Gu Shuangfei said that the current market trading logic is a trade-off between low investment, low production capacity, low inventory in the global oil market and the risk premium brought about by Russia’s reduction in energy supply, and the slowdown in global economic growth. In the short term, the progress of Iran’s nuclear negotiations and whether OPEC will reduce production are the biggest factors affecting oil price fluctuations. “Judging from the current situation, both long and short drivers are strong. International crude oil is still in a wide fluctuation range in the short term. For SC crude oil, the price is still driven by strength, but the premium is already too high. It is recommended to wait and see for the time being. If the Middle East lowers Asian OSP prices in September and domestic imports increase, we can pay attention to the trading opportunities of long Brent crude oil and short SC crude oil.”
Yang An believes that the recent positive factors in the crude oil market have outweighed the negative impacts, which is the key reason why this round of rebound can proceed smoothly. Whether the rebound can be sustained depends on the subsequent progress of the Iran nuclear agreement and the impact of macro-level factors, including OPEC+’s production plan at the September meeting. At present, oil prices have rebounded significantly this week, but the monthly difference in the crude oil market has not strengthened significantly and is still at a low level. This shows that the overall supply and demand of the crude oil market is not very tight at present, and it is generally expected that there will be accumulated storage pressure in the second half of the year. On the demand side Before there is an effective improvement, it is still not appropriate to be too optimistic about the rebound space.
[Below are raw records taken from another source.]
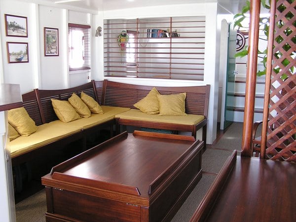 Comfortable and bright salon / saloon occupying the entire center of the ship
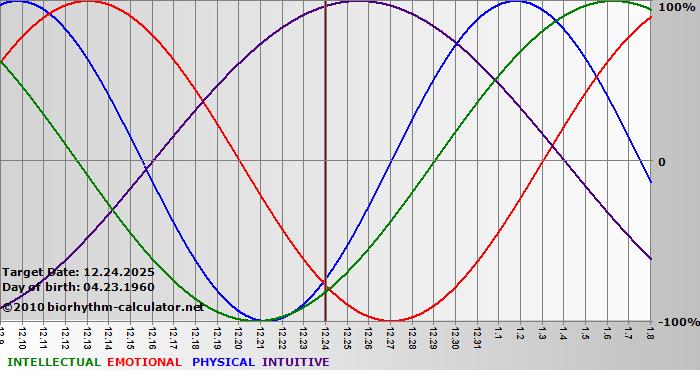 Your biorhythm above the horizontal line indicates that your capacity in that area is enhanced; you feel stronger, more alert, more connected, more empathetic. These are times when you are able to do more, be more, enjoy more. When the biorhythm lines are below 0%, your capacity is diminished, and conservative behavior is recommended.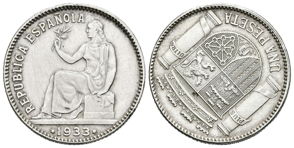 II REPUBLICA. 1 Peseta. 1933 *3-4. Reverso girado 45º. Cal-1. Ar. 4,98g. MBC+.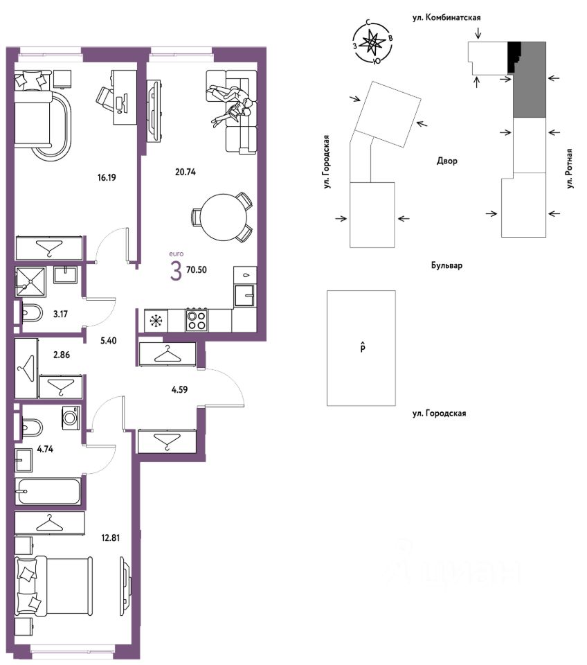 Продаётся 3-комнатная квартира в строящемся доме (Дом 1), срок сдачи: II-кв. 2027, общей площадью 70.5 кв.м., на 6 этаже. Новый жилой комплекс "Уральский сад" от застройщика "ГК Страна Девелопмент" расположен по адресу: г. Екатеринбург, посёлок Совхозный, Комбинатская улица.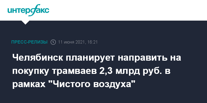 Челябинск планирует направить на покупку трамваев 2,3 млрд руб. в рамках "Чистого воздуха"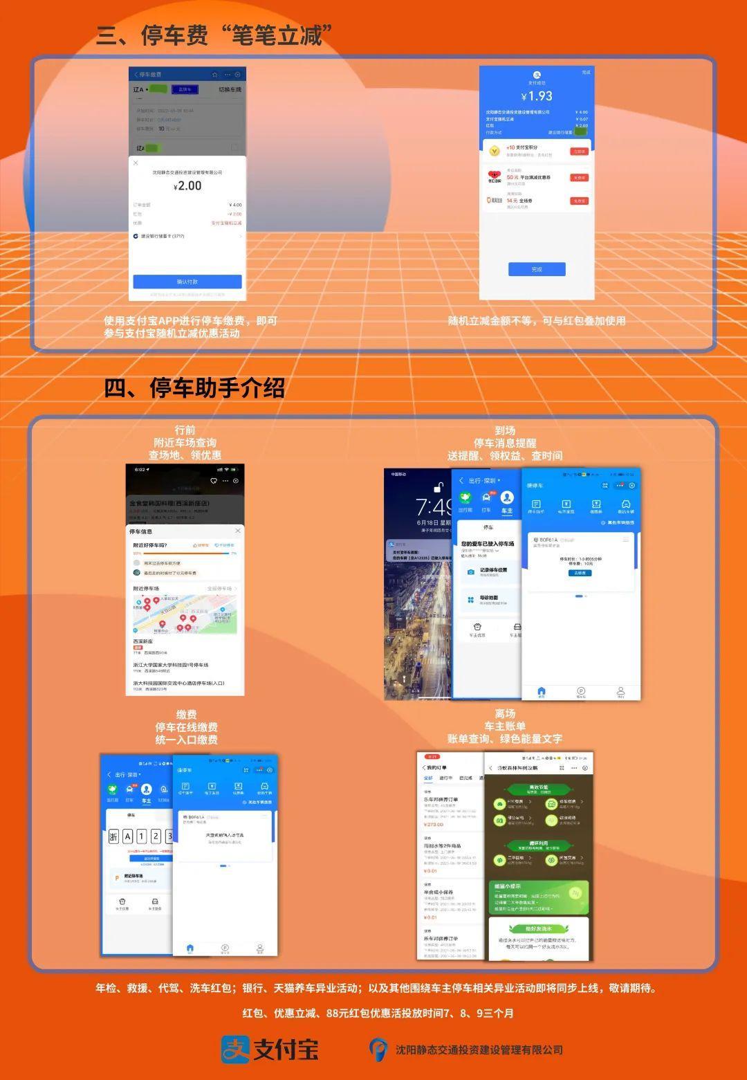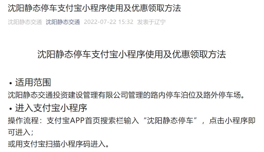 操作流程:支付宝APP首页搜索栏输入“沈阳静态停车”,点击小程序即可进入;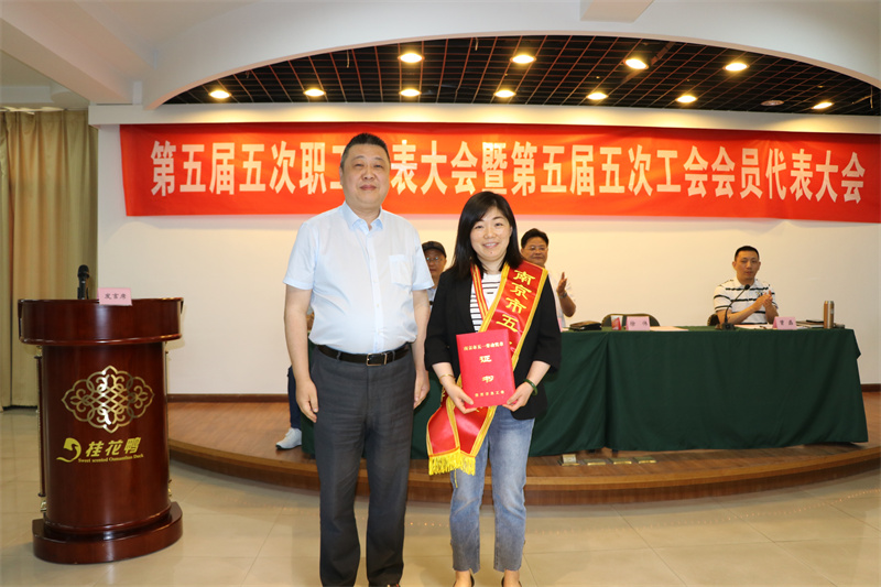 ▲公司總經(jīng)理徐偉同志為“2022年度南京市五一勞動(dòng)獎(jiǎng)?wù)?rdquo;曹玉蘭同志頒發(fā)證書及獎(jiǎng)?wù)?/span>

Excluding some uncertain factors, based on the current supply and demand interpretation of the crude oil market and the global economic situation, there is still a high probability that oil prices will shift downward in the second half of the year. Therefore, this rebound has already increased by about US$10/barrel. It is not recommended to continue chasing the rise rashly, but you can pay attention to the price downward opportunities after the rebound.